Mar Menor
28/08/2021 cartoon in CTXT
If you are one of those who believe that you get your information from Twitter, by now you will be busy with any of the other nonsense that is going around or that is at the head of the Trending Tontics and by now you must be reading a hundred thousand opinions instead of the most in-depth information on the issue in question, whatever it may be.
And let's face it, few are spared from falling into the loop of the micro-worlds of our respective echo chambers. Rare is the day that I don't stumble across one of them, and it's not unusual for me to get soaked by a pile of headlines a bunch of times. The day will come when the expiration of topics will be measured in zeptoseconds.

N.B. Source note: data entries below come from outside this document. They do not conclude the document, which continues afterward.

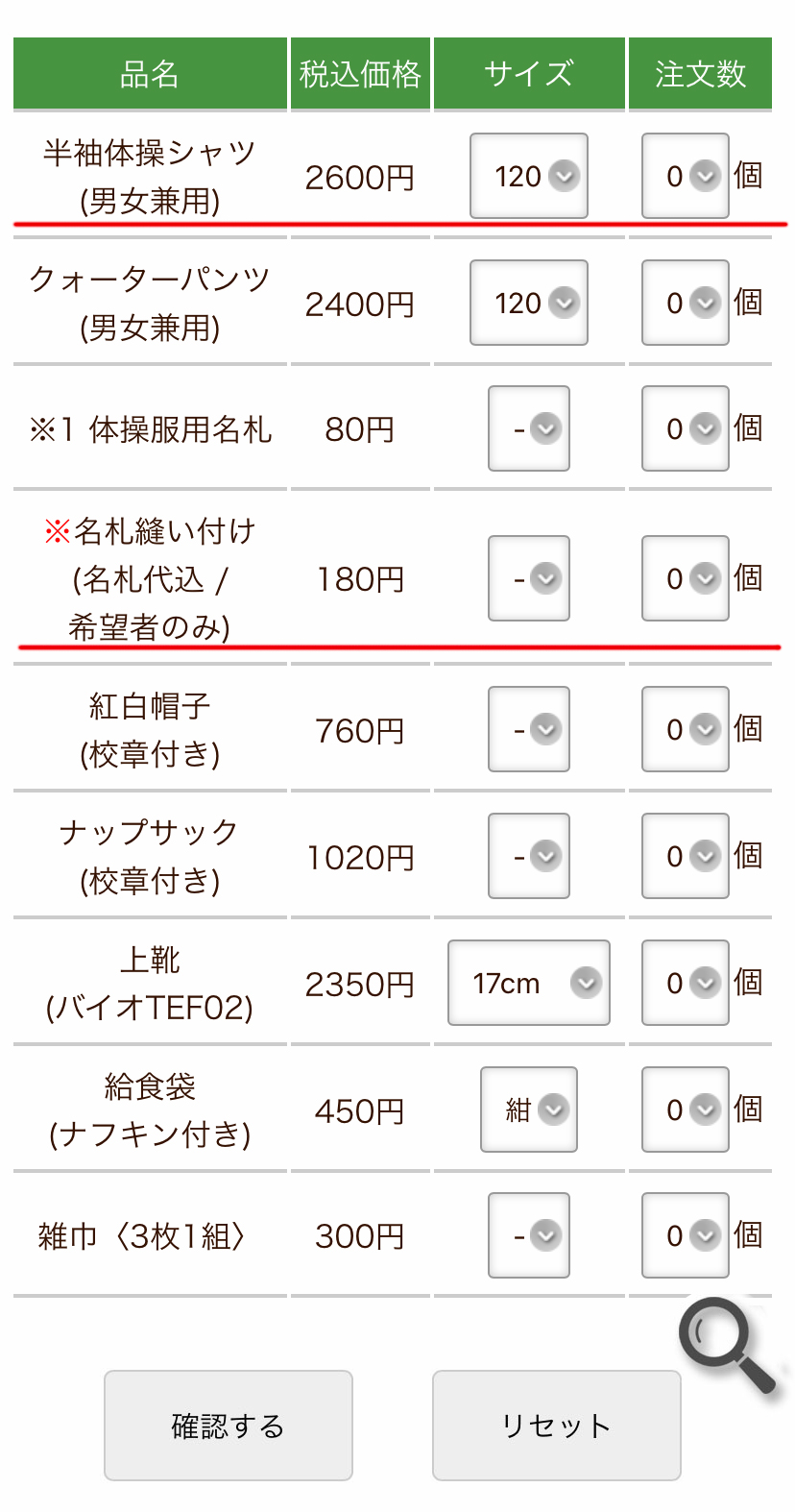 名札のみの購入を希望される方は、"※1 体操服用名札" をお選び下さい。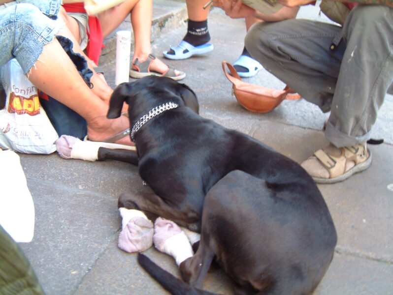 Next morning the hikers were up very early, before the sun made the tarmac too hot for walking. Tired feet were shod in sandals, not boots. Even their dogs wore suitable paw wear!
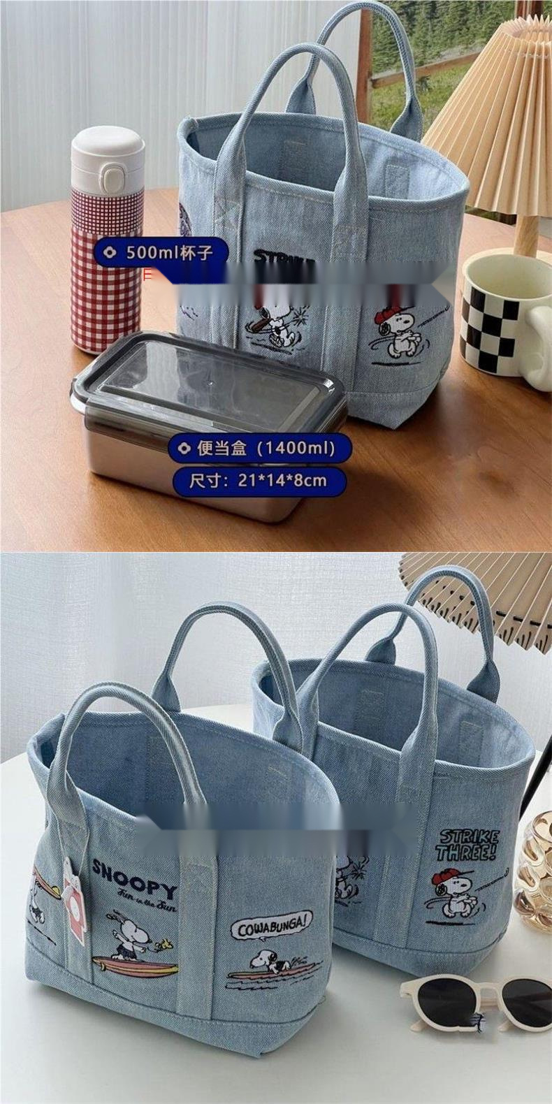 刺綉日系手拎包便當包外出可愛帆布包手提包女上班族寶媽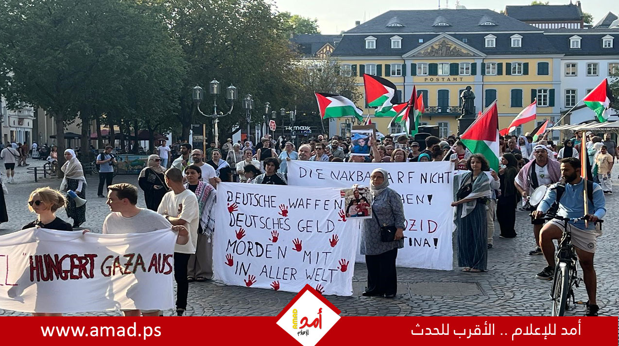 نظم ائتلاف "متحدون من أجل فلسطين"، الذي يضم الجالية الفلسطينية ومعظم المجموعات الألمانية التضامنية، نشاطين في مدينة بون.

Amongst all these topics, the Mar Menor issue passed and, fortunately, stayed on the attention menu a little longer
For some, it was the new thing and it endured what it endured. As a good radical, you know, by definition one of those who tries to get to the root of things, I went back to refresh everything I couldn't remember about the origin of the problem. When I returned from my trip to the newspaper library, half the world was still engaged in a discussion about the ownership of competences.
Those who have governed Murcia for a quarter of a century were still denying that they had any competences, while at the same time demanding more competences with the usual political skirmish. And the water was not swept away.

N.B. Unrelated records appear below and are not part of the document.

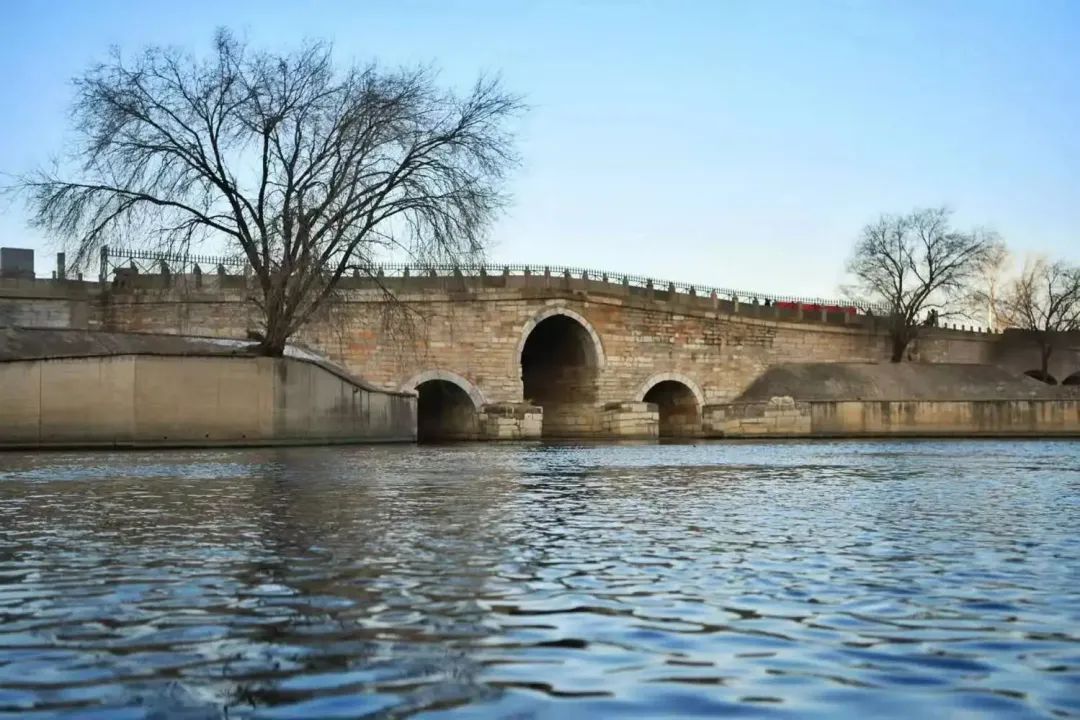 大运河在通州境内长达 42 公里,古时南来北往的船只、游客于这里的河面和码头上汇聚,使这里不仅形成了无数客栈、酒肆和粮仓,还造就了运河上最为壮丽的景观。中秋之夜,三孔桥洞中各映着一轮明月,皎洁天空中月如银盘,清清河水中月影浮动,水月交辉,衬托洁白如玉的长桥,使人疑在画中。这幅美景是通州的长桥映月景观,造就这一景致的桥正是赫赫有名的永通桥。因位于“州城西行八里许”,永通桥又被称为八里桥。八里桥最初为木桥,夜以继日的运输与不绝如缕的车队使这座木桥不堪重负。1446年,明英宗下令将木桥改建为石拱桥,并赐名“永通桥”,取永远通畅无阻之义。通惠河运粮船多为帆船,如建造普通形式拱桥势必阻碍漕船航行,八里桥将中孔建造得相当高耸,漕船可直出直入,因此有“八里桥不落桅”之说。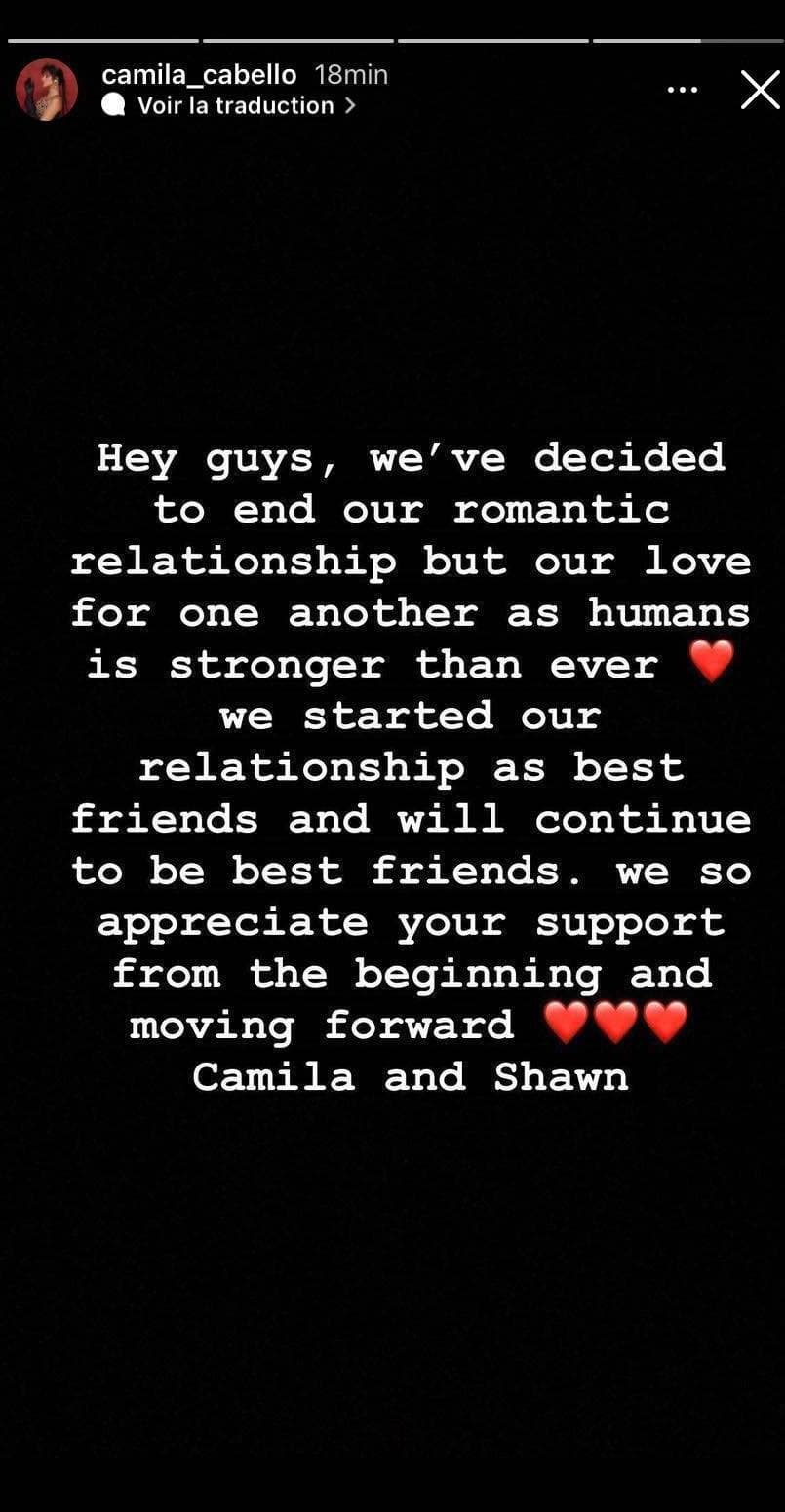 17 novembre 2021 : Shawn et Camila annonçent leur rupture sur Instagram.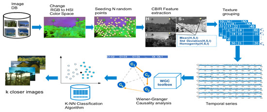The training stage in the proposed methodology is presented in Figure 3. It includes the image database reading, the change of color space, the random points selection, the attributes extraction, the auto-grouping, the time series generation, the causality calculation, the classification-recovery of the k-next images, and finally, the most similar natural scenes are shown.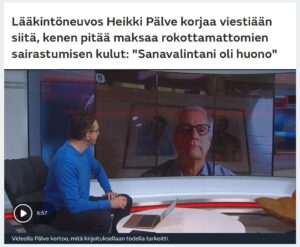 Lääkintöneuvos Heikki Pälve julkaisi Helsingin Sanomissa mielipidekirjoituksen 10.10.2021 ja totesi siinä muun muassa seuraavaa: ”Kun yhteiskunta tarjoaa maksuttoman ja turvallisen rokotuksen, siitä kieltäytymiseen pitäisi voida liittää myös vastuu seurauksista. Voisimmeko sopia, että määrätyistä rokotuksista kieltäytyminen periaatteellisin syin johtaa osittaiseen tai jopa täydelliseen korvausvastuuseen tämän sairauden hoidossa ja oheiskuluissa? Tämä koskisi esimerkiksi sairauslomakorvausta.”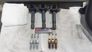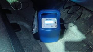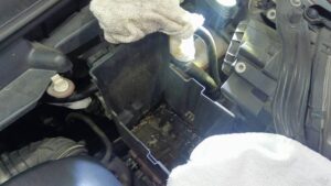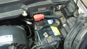 交換した日付と走行距離を記入して新品バッテリーを取り付けます。

To finish, they went back to "legislating" in the heat of the moment, resorting to the same old thing, fines that only turn chronic problems into money without solving them.

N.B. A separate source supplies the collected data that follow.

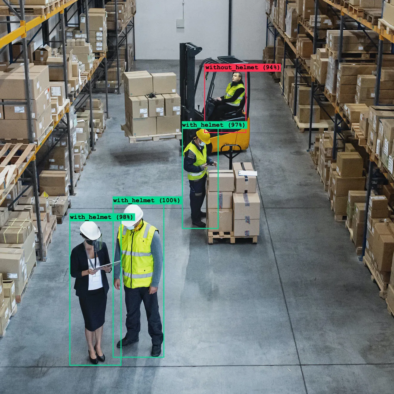 Our safety system is able to recognize if proper personal protective equipment is in place or not. In case of significant non-compliance corresponsive action can be triggered like notification, warning sound, deactivating sources of noice, keeping machine inactive until the proper PPE is place etc.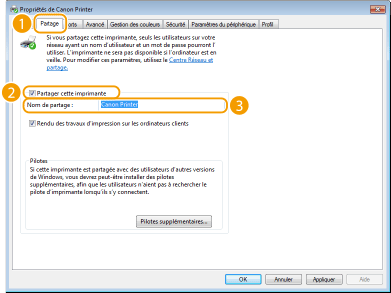 Pour procéder à l'opération suivante, connectez-vous à l'ordinateur à partir d'un compte d'administrateur. Il peut être impossible d'installer les pilotes par le réseau selon le système d'exploitation et l'architecture (32 bits ou 64 bits) du serveur d'impression et des ordinateurs clients. Lorsque vous mettez en œuvre un serveur d'impression dans l'environnement d'un domaine, consultez votre administrateur réseau. |
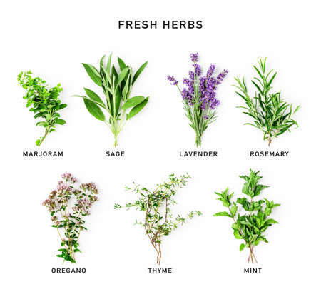 Rosemary, mint, lavender, sage, marjoram and thyme collection. Creative layout with fresh herbs bunch on white background. Top view, flat lay. Floral design. Food and alternative medicine concept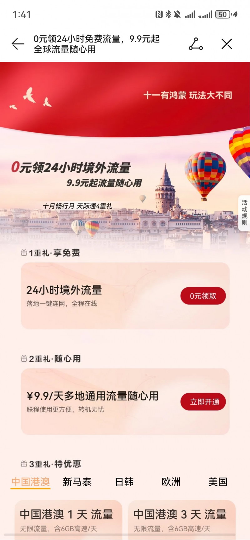 十一有鴻蒙!華為天際通多重禮遇解鎖全球上網(wǎng)暢行體驗(yàn)
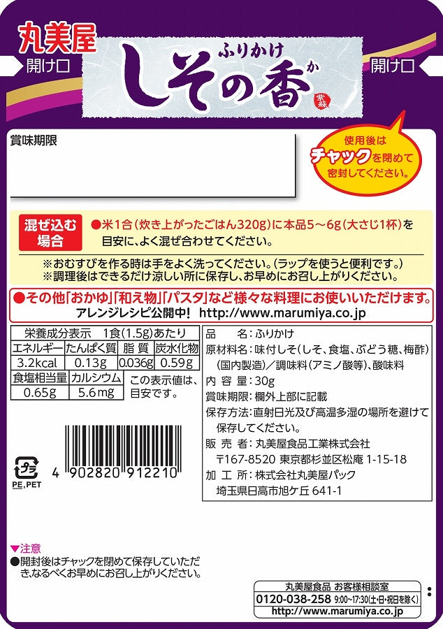 A rice seasoning featuring the refreshing aroma and flavour of shiso (perilla leaf).
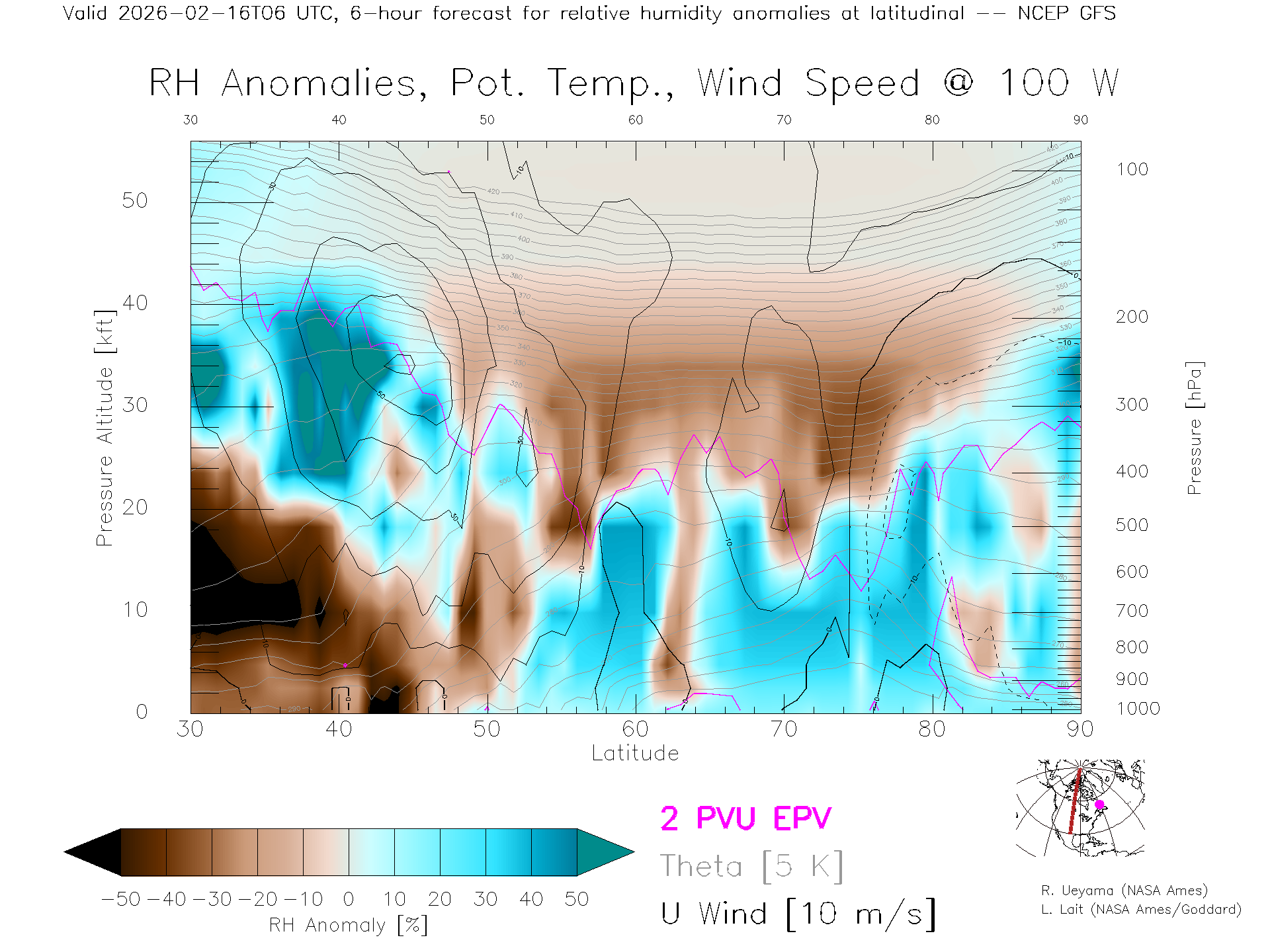 NCEP GFS Forecast Rel. Hum. X-Section (100 W)

Thus, the Government of Murcia approved a decree that modifies the Law for the Recovery and Protection of the Mar Menor and prohibits the use of inorganic or synthetic nitrogen fertilisers in the areas closest to the Mar Menor with penalties of between 5,001 and 50,000 euros, and opened 202 sanctioning files for non-compliance with the law for the protection of the Mar Menor.
Not without effort, I managed to get out of this loop and went back to rewinding.
In 1980, a year after the transfer of water, the Oceanography Institute organised the first conference on the Mar Menor," says Isabel Rubio, from Pacto por el Mar Menor, "and it was said that if all the planned irrigation was implemented, fertilisers and insecticides would reach the Mar Menor and this would wipe out the flora and fauna. Forty years have passed and, despite the scientific community's warnings, the authorities (Confederación Hidrográfica del Segura, part of the Ministry of Agriculture, and the Autonomous Community) have always looked the other way. This has been the trend". Experts say that an ecosystem gives warnings that a disaster may occur. This is what happened in the Mar Menor: "In the mid-1990s there were already very clear voices, supported by irrigation exploitation, pointing to the high risk of eutrophication, as had happened in other lagoons in Europe. It was a threat: posidonia and seahorses were beginning to disappear... and nobody did anything," explains Antonio Urbina.
Source: The Mar Menor is still stuck: a story of agony / Santini Rose, CTXT/ 19 August 2019
As in the case of Aznalcollar and many other "natural" waste, similar or not, only time will judge the seriousness and extent of the problem and will be able to convince us of the magnitude of the current negligence.